Exercise
Pictures stay out; everything else in the records is to be copied exactly.

──────

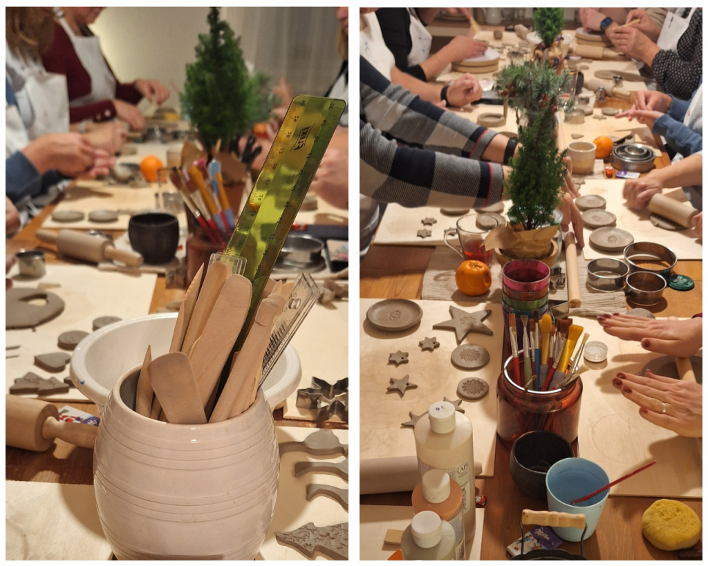 Doch das war noch lange nicht alles! Als krönender Abschluss unserer Weihnachtsfeier ging es zur lieben Anja von „Liebevolle Auszeiten“. Dort durften wir unsere kreative Seite entdecken und gemeinsam töpfern. Vom ersten Formen des Tons bis hin zu den fertigen Werken war es nicht nur ein entspannendes Erlebnis, sondern vor allem ein wunderbarer Moment, um den Alltag zu vergessen und gemeinsam etwas von Hand zu erschaffen. Ob kleine Schälchen, Weihnachtsdeko oder individuelle Geschenke. Wir haben kleine Kunstwerke erschaffen, welche uns noch lange an diesen schönen Tag erinnern werden. Ein herzliches Dankeschön an Anja für ihre geduldige und herzliche Begleitung!
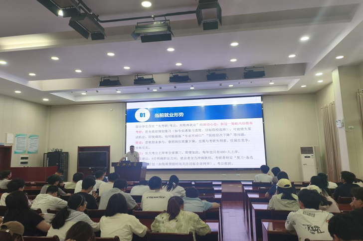 整体就业工作做了介绍,强调毕业生要准确定位,纠正求职误区,抓住校招黄金期,勇敢尝试,突破自我。
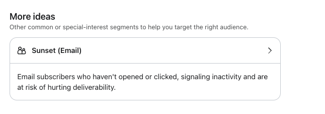 Najpierw przejdź do biblioteki segmentów, a zobaczysz opcję "Sunset (Email)".
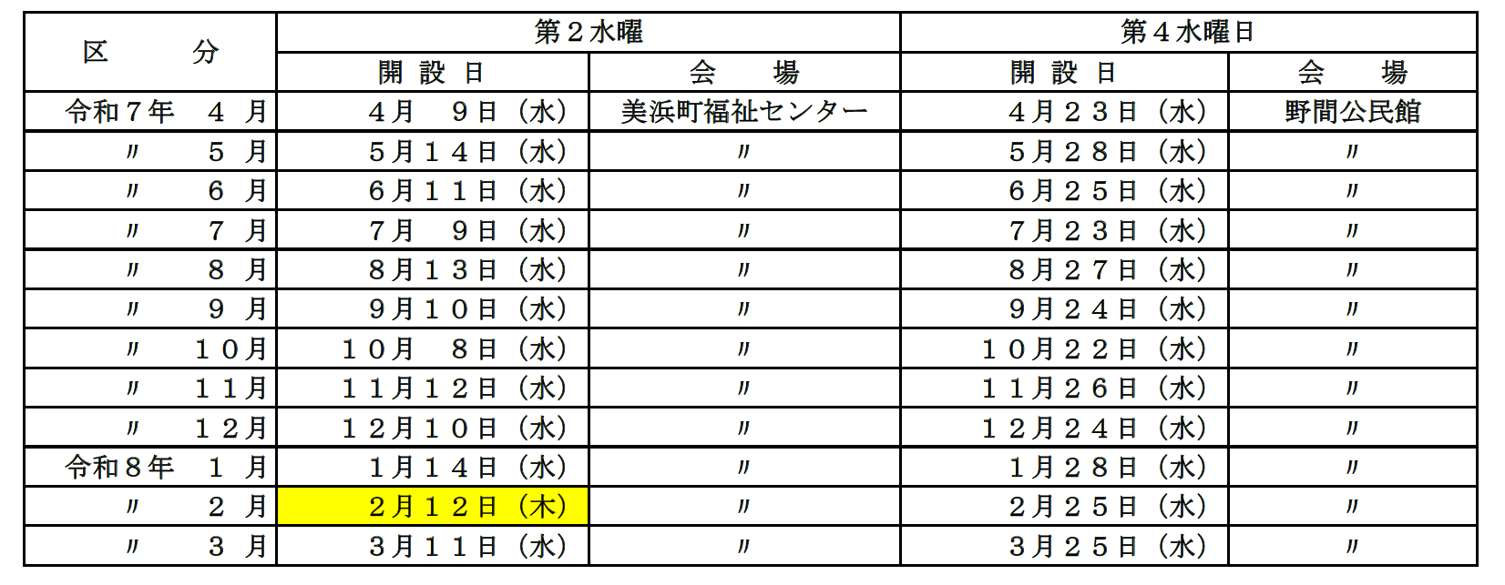住所: 美浜町北方一丁目1番地(旧中部電力美浜営業所) - 第4水曜日
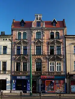 - Kamienica (ul. Warszawska 5)[30], zbudowana w stylu historyzmu (eklektyzmu) z elementami neobarokowymi (1890, proj. Arthur Hausler, w 1891 rozbudowano oficynę tylną według projektu Paula Frantziocha, w 1898 dokonano przebudowy na parterze, a w 1900 nadbudowano oficynę tylną według projektu A. Zimmermanna.
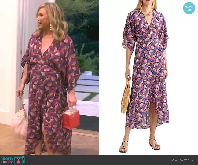Kathy Hilton on The Real Housewives of Beverly Hills on Bravo was spotted wearing this pink printed v-neck dress on The Real Housewives of Beverly Hills on episode 'Dressed to the 90210s' (11x01) in May 2021. Kathy's Dress is the Printed Midi Dress by Jaline.
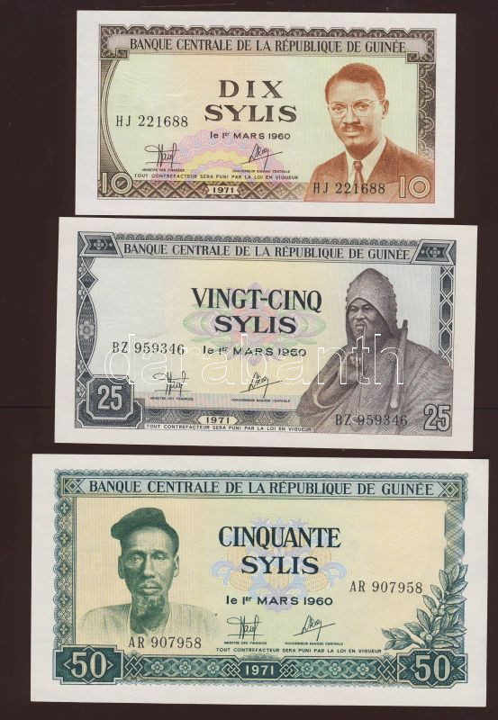 Guinea 1971. 10S, 25S, 50S, 100S teljes sor! T:I https://www.darabanth.com/hu/83-Gyorsarveres/83.0/Numizmatika/Kulfoldi-bankjegyek~5081/Guinea-1971-10S-25S-50S-100S-teljes-sor-TI~II174728
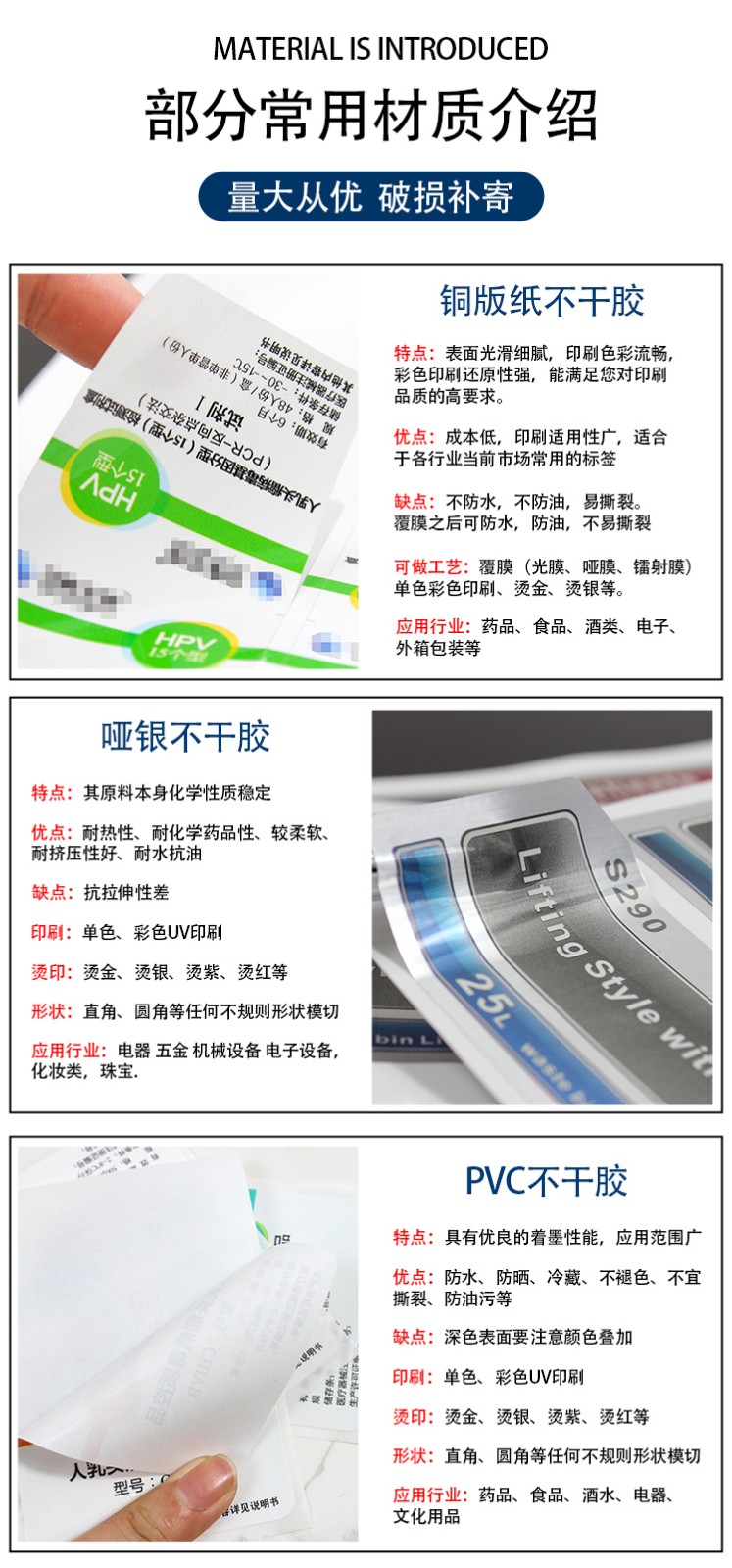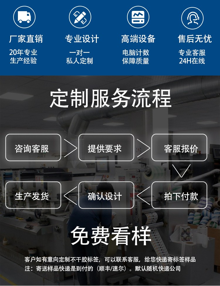 產(chǎn)品名稱::?不干膠印刷,標(biāo)簽印刷,瓶貼印刷,不干膠(標(biāo)簽)印刷 常用尺寸::?按需要定制 常用材質(zhì)::?銅版紙不干膠,書寫紙不干膠,鋁箔紙不干膠,激光鐳射膜不干膠,易碎紙不干膠標(biāo)簽,PVC不干膠標(biāo)簽,PP(聚丙烯)不干膠標(biāo)簽,更多材質(zhì)請(qǐng)咨詢客服 加工工藝::?覆啞膜、覆光膜 出貨周期::?無(wú)需工藝3天,需覆膜4天,更多工藝請(qǐng)咨詢客服
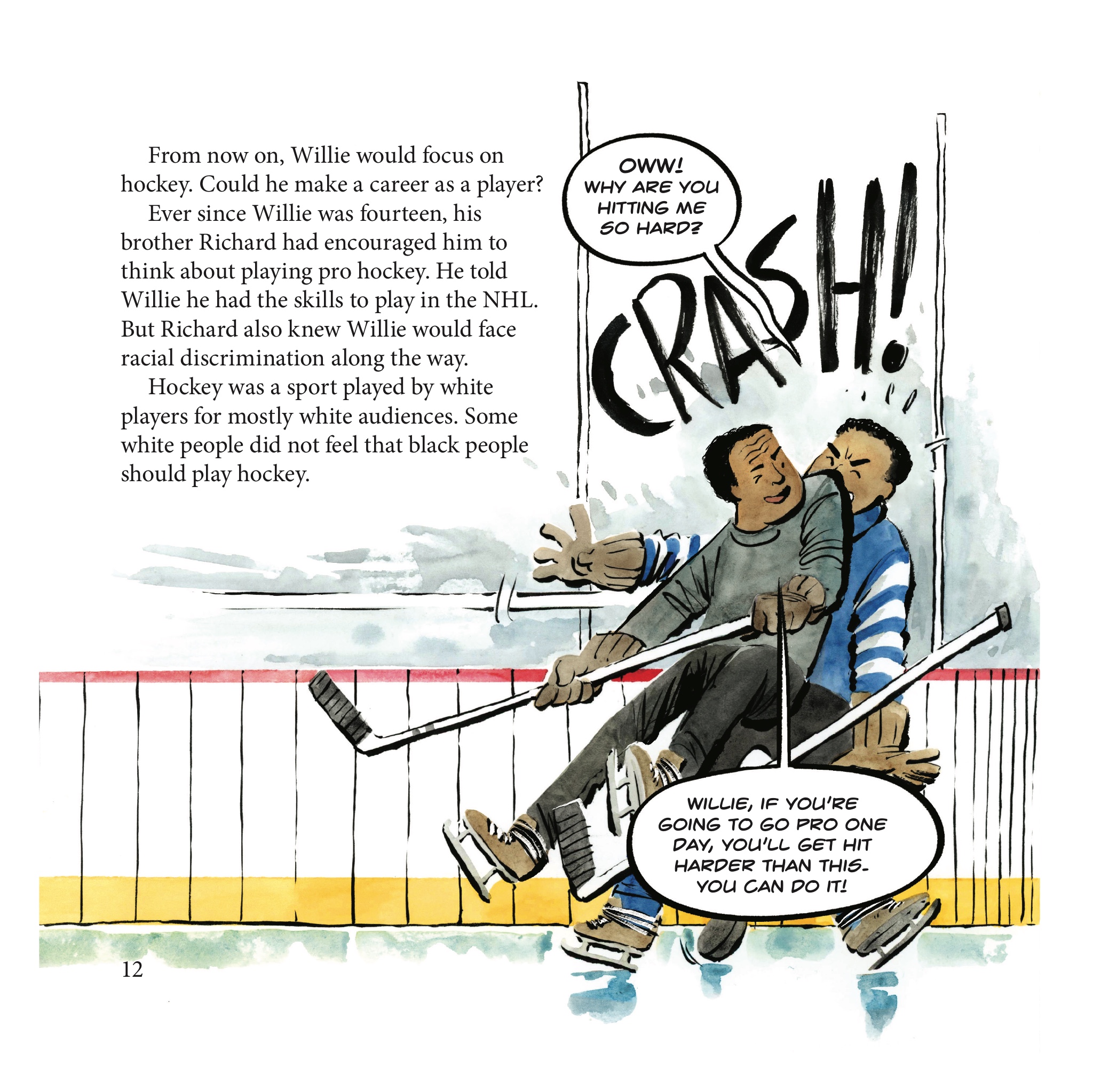 There is a strong emphasis in the importance of community support portrayed in this book, whether it is from O’Ree’s family and close community encouraging his love of hockey while teaching him of the hardships he’d face with other players, or in the community he built after he retired by helping marginalized children play hockey and learn useful life skills.
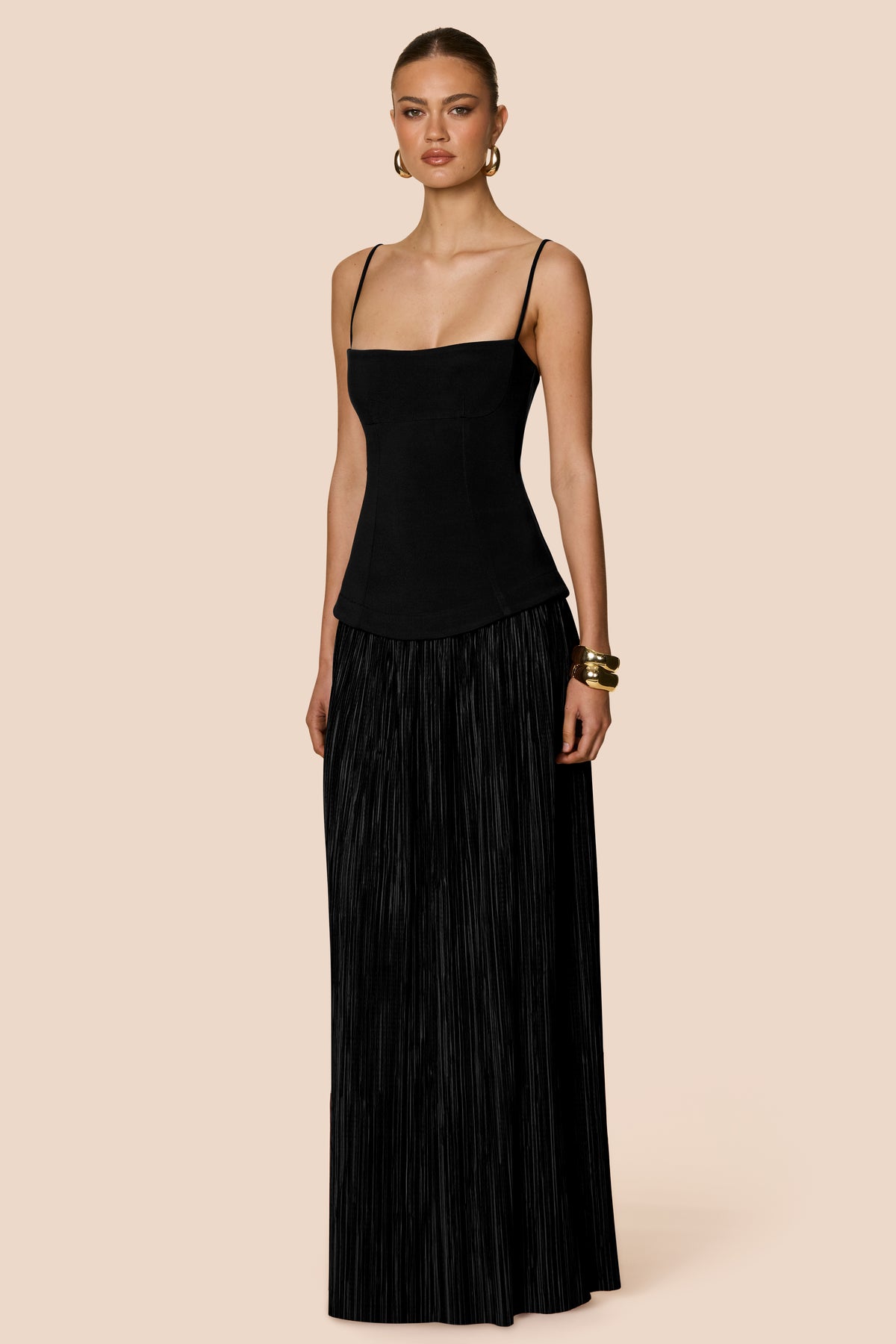 - Pleated maxi skirt
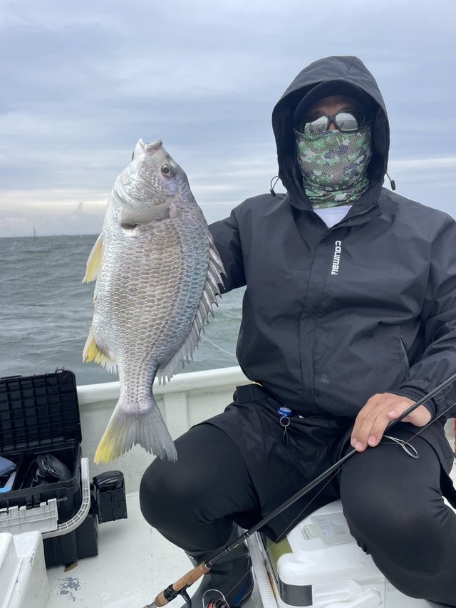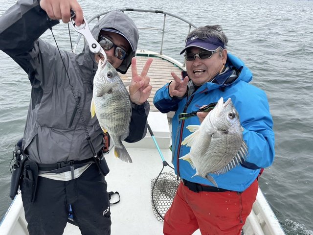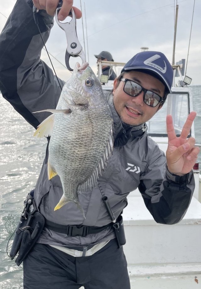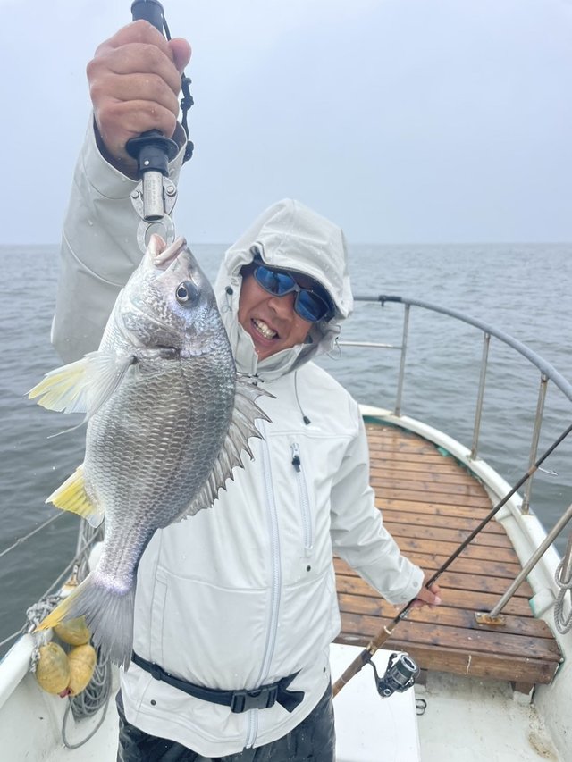 1.20~1.50kg 合計3匹 マダイ 0.70~1.10kg 合計6匹 イナダ 1.20kg 合計1匹 メジナ 1.30kg 合計2匹 イサキ タイ五目 マダイ0.7~1.1㎏6枚 クロダイ1.2~1.5㎏3枚 イナダ1.2㎏1本 メジナ1.3㎏2枚 イサキ少々 船上で料理して持ち帰る。潮が流れれば食いが良いと思う。

──────

Solution for this task
 Doch das war noch lange nicht alles! Als krönender Abschluss unserer Weihnachtsfeier ging es zur lieben Anja von „Liebevolle Auszeiten“. Dort durften wir unsere kreative Seite entdecken und gemeinsam töpfern. Vom ersten Formen des Tons bis hin zu den fertigen Werken war es nicht nur ein entspannendes Erlebnis, sondern vor allem ein wunderbarer Moment, um den Alltag zu vergessen und gemeinsam etwas von Hand zu erschaffen. Ob kleine Schälchen, Weihnachtsdeko oder individuelle Geschenke. Wir haben kleine Kunstwerke erschaffen, welche uns noch lange an diesen schönen Tag erinnern werden. Ein herzliches Dankeschön an Anja für ihre geduldige und herzliche Begleitung!
 整体就业工作做了介绍,强调毕业生要准确定位,纠正求职误区,抓住校招黄金期,勇敢尝试,突破自我。
 Najpierw przejdź do biblioteki segmentów, a zobaczysz opcję "Sunset (Email)".
住所: 美浜町北方一丁目1番地(旧中部電力美浜営業所) - 第4水曜日
 - Kamienica (ul. Warszawska 5)[30], zbudowana w stylu historyzmu (eklektyzmu) z elementami neobarokowymi (1890, proj. Arthur Hausler, w 1891 rozbudowano oficynę tylną według projektu Paula Frantziocha, w 1898 dokonano przebudowy na parterze, a w 1900 nadbudowano oficynę tylną według projektu A. Zimmermanna.
Kathy Hilton on The Real Housewives of Beverly Hills on Bravo was spotted wearing this pink printed v-neck dress on The Real Housewives of Beverly Hills on episode 'Dressed to the 90210s' (11x01) in May 2021. Kathy's Dress is the Printed Midi Dress by Jaline.
 Guinea 1971. 10S, 25S, 50S, 100S teljes sor! T:I https://www.darabanth.com/hu/83-Gyorsarveres/83.0/Numizmatika/Kulfoldi-bankjegyek~5081/Guinea-1971-10S-25S-50S-100S-teljes-sor-TI~II174728
 產(chǎn)品名稱::?不干膠印刷,標(biāo)簽印刷,瓶貼印刷,不干膠(標(biāo)簽)印刷 常用尺寸::?按需要定制 常用材質(zhì)::?銅版紙不干膠,書寫紙不干膠,鋁箔紙不干膠,激光鐳射膜不干膠,易碎紙不干膠標(biāo)簽,PVC不干膠標(biāo)簽,PP(聚丙烯)不干膠標(biāo)簽,更多材質(zhì)請(qǐng)咨詢客服 加工工藝::?覆啞膜、覆光膜 出貨周期::?無(wú)需工藝3天,需覆膜4天,更多工藝請(qǐng)咨詢客服
 There is a strong emphasis in the importance of community support portrayed in this book, whether it is from O’Ree’s family and close community encouraging his love of hockey while teaching him of the hardships he’d face with other players, or in the community he built after he retired by helping marginalized children play hockey and learn useful life skills.
 - Pleated maxi skirt
 1.20~1.50kg 合計3匹 マダイ 0.70~1.10kg 合計6匹 イナダ 1.20kg 合計1匹 メジナ 1.30kg 合計2匹 イサキ タイ五目 マダイ0.7~1.1㎏6枚 クロダイ1.2~1.5㎏3枚 イナダ1.2㎏1本 メジナ1.3㎏2枚 イサキ少々 船上で料理して持ち帰る。潮が流れれば食いが良いと思う。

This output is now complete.